* [What you need to do] The output must match the lines from the first line of the listing below through the line holding "0.04 | 0.12 |" exactly and must contain no pictures.

── Data section

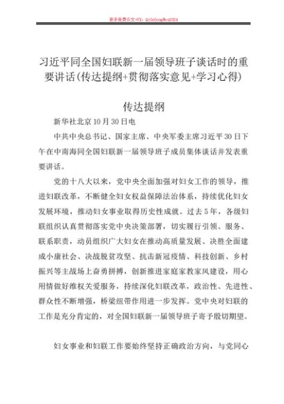 / 第一议题:20231030习近平同全国妇联新一届领导班子谈话时的重要讲话(传达提纲+贯彻落实意见+学习心得)
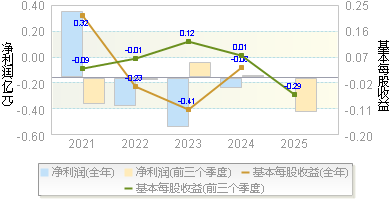 | 净利润 | -0.67 | -0.38 | -0.05 | 0.04 | 0.12 |
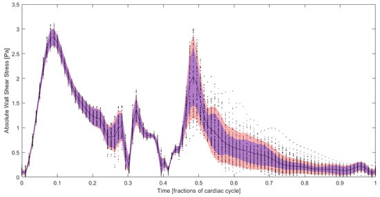 Here, we demonstrate an application where surrogate uncertainties were in part negligible and in part non-negligible. We apply our method to a computational fluid dynamics simulation of aortic hemodynamics, i.e., blood flow in an aorta resembled by the simplified geometry of an upside down umbrella stick. The simulation depends on a non-Newtonian viscosity model with four parameters . The model was accompanied by viscosity measurements of human blood samples, thus determining . This posterior turned out to have a complex landscape that cannot be reasonably approximated by standard distributions. Particularly, strong correlations and multi-modality were observed, i.e., . This means that vanilla Polynomial Chaos Expansions could not be applied without an undesirable transformation to conditionally independent variables. The posterior is described in detail in [20]. Based on , parameter samples were chosen and the simulation evaluated accordingly. The output, , was the absolute values of the wall shear stress that the blood flow exerts on the aortic wall, for measurement probes at different locations, each for time-instances equidistantly spaced over one cardiac cycle (ca. 1 s). Further details on the simulation are not relevant here but are documented [20]. A simulation time on the order of 150 CPU hours per sample suggested to use a surrogate for the inference. For the surrogate’s basis functions, , we found multi-variate Legendre polynomials of up to order two sufficient. The numerical integrals were computed with Riemannian quadrature and convergence checked with successive grid refinement; however, stochastic integration would work just as well. A sketch example on how to implement this procedure computationally efficient via vectorisation in parameter space can be found at https://github.com/Sranf/BayesianSurrogate_sketch.git (1 January 2021).
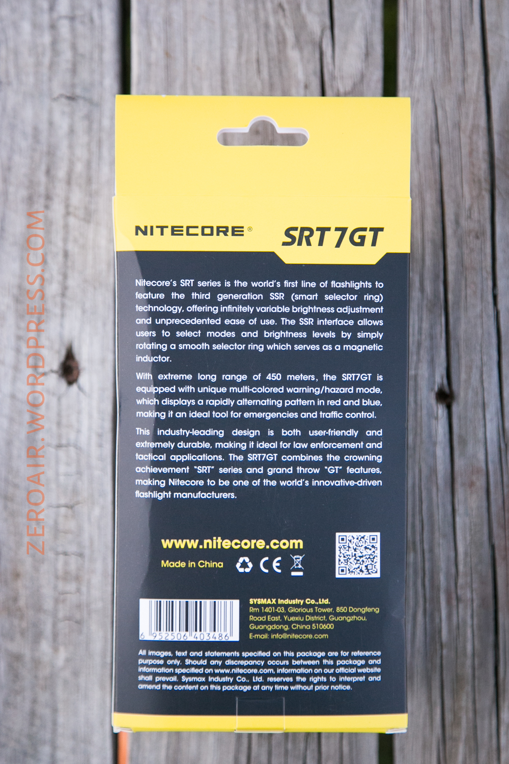 Very typical Nitecore packaging here: Yellow and black packaging on a cardboard box which is highly printed and has quite detailed info. Featured prominently on the box is the “5 year warranty promise”. There’s also a QR code and some nice photos.

────

* [Response box]
 / 第一议题:20231030习近平同全国妇联新一届领导班子谈话时的重要讲话(传达提纲+贯彻落实意见+学习心得)
 | 净利润 | -0.67 | -0.38 | -0.05 | 0.04 | 0.12 |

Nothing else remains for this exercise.